A verbatim repetition of the data below is requested, without images.

# # # # #

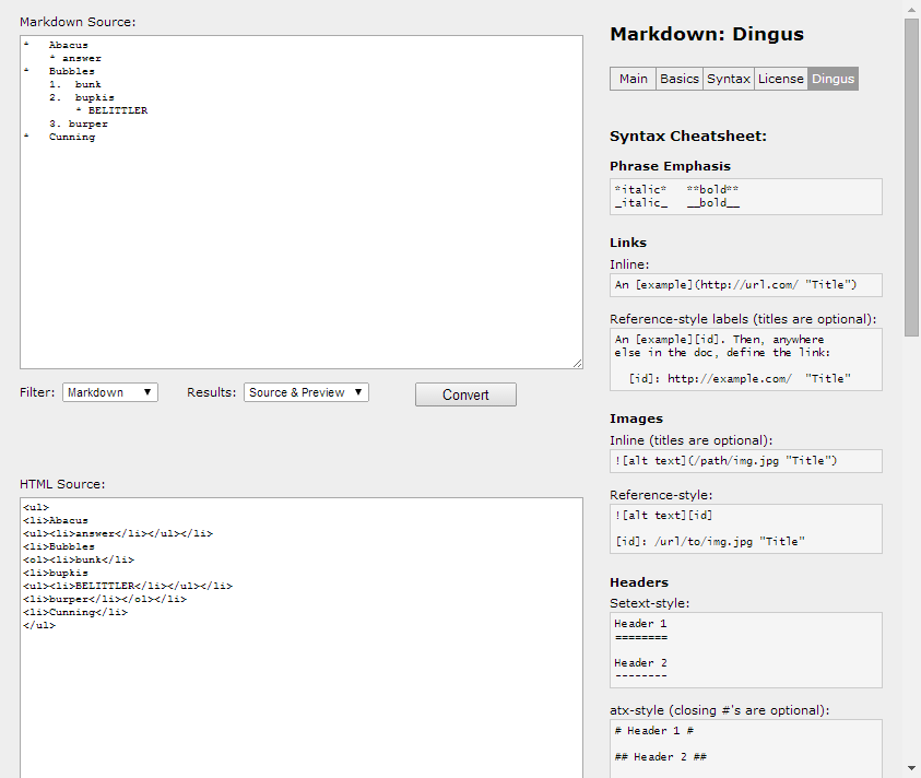 Markdown: Dingus
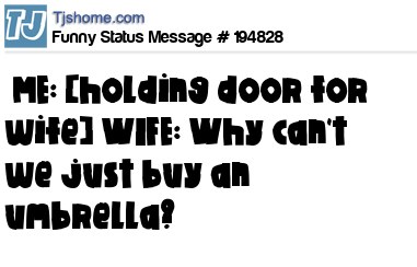 X says ME: [holding door for wife] WIFE: Why can't we just buy an umbrella?
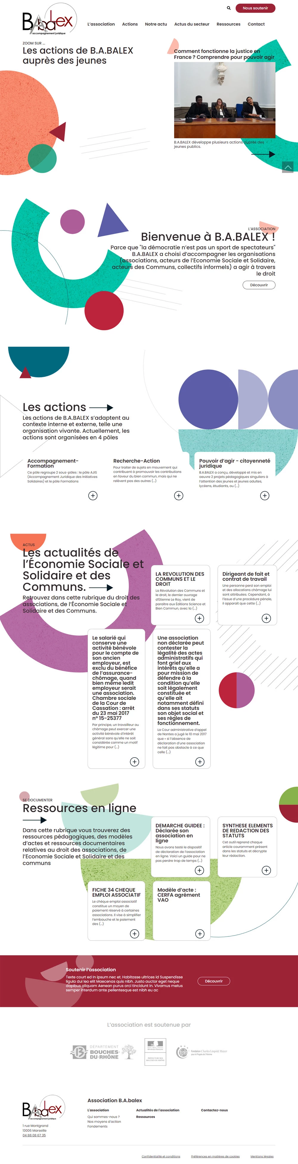 Création de la nouvelle version du site Internet de l’association "B à Ba" Lex basée à Marseille qui accompagne juridiquement les acteurs collectifs et des structures de l’économie sociale et solidaire (ESS).
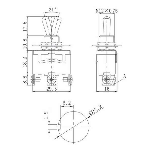 Устройство переключения от компании Rexant представляет собой тумблер на 3 положения с фиксацией и нулевой точкой: On-Off-On. С его помощью осуществляется коммутация электрических цепей переменного тока напряжением до 250 Вольт. Номинальная токовая нагрузка для переключателя составляет 15 Ампер. Количество контактных групп – 1, количество контактов в контактной группе – 3. Подключение контактов осуществляется с помощью винтов. Монтаж устройства осуществляется без применения винтов на плоских панелях толщиной от 0,8 до 4 мм, установочный диаметр – 12,2 мм. Переключатель применяется в качестве комплектующего изделия различного электрооборудования, например, в измерительных приборах, блоках питания, электроустановках на различных производствах. Цвет ручки-переключателя этой модели – хром, цвет пластикового корпуса – черный, на корпусе имеются графические обозначения положений. Световой индикатор коммутационных положений отсутствует. Рабочий ресурс устройства равен 10 000 циклов. Диапазон рабочих температур достигает от -25 до +85 градусов.
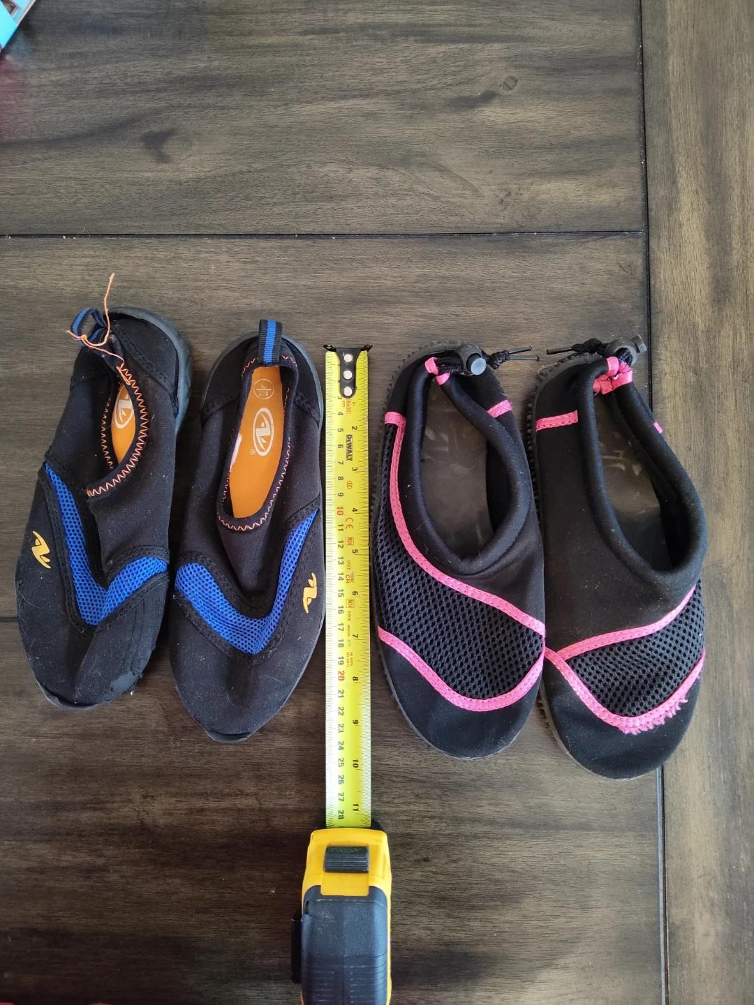 Selling two pairs of water shoes! One pair is black with blue accents, and the other is black with pink accents. They both are measuring approximately 24cm with a measuring tape

# # # # #

* [SOLUTION]:
 Markdown: Dingus
 X says ME: [holding door for wife] WIFE: Why can't we just buy an umbrella?
 Création de la nouvelle version du site Internet de l’association "B à Ba" Lex basée à Marseille qui accompagne juridiquement les acteurs collectifs et des structures de l’économie sociale et solidaire (ESS).
 Устройство переключения от компании Rexant представляет собой тумблер на 3 положения с фиксацией и нулевой точкой: On-Off-On. С его помощью осуществляется коммутация электрических цепей переменного тока напряжением до 250 Вольт. Номинальная токовая нагрузка для переключателя составляет 15 Ампер. Количество контактных групп – 1, количество контактов в контактной группе – 3. Подключение контактов осуществляется с помощью винтов. Монтаж устройства осуществляется без применения винтов на плоских панелях толщиной от 0,8 до 4 мм, установочный диаметр – 12,2 мм. Переключатель применяется в качестве комплектующего изделия различного электрооборудования, например, в измерительных приборах, блоках питания, электроустановках на различных производствах. Цвет ручки-переключателя этой модели – хром, цвет пластикового корпуса – черный, на корпусе имеются графические обозначения положений. Световой индикатор коммутационных положений отсутствует. Рабочий ресурс устройства равен 10 000 циклов. Диапазон рабочих температур достигает от -25 до +85 градусов.
 Selling two pairs of water shoes! One pair is black with blue accents, and the other is black with pink accents. They both are measuring approximately 24cm with a measuring tape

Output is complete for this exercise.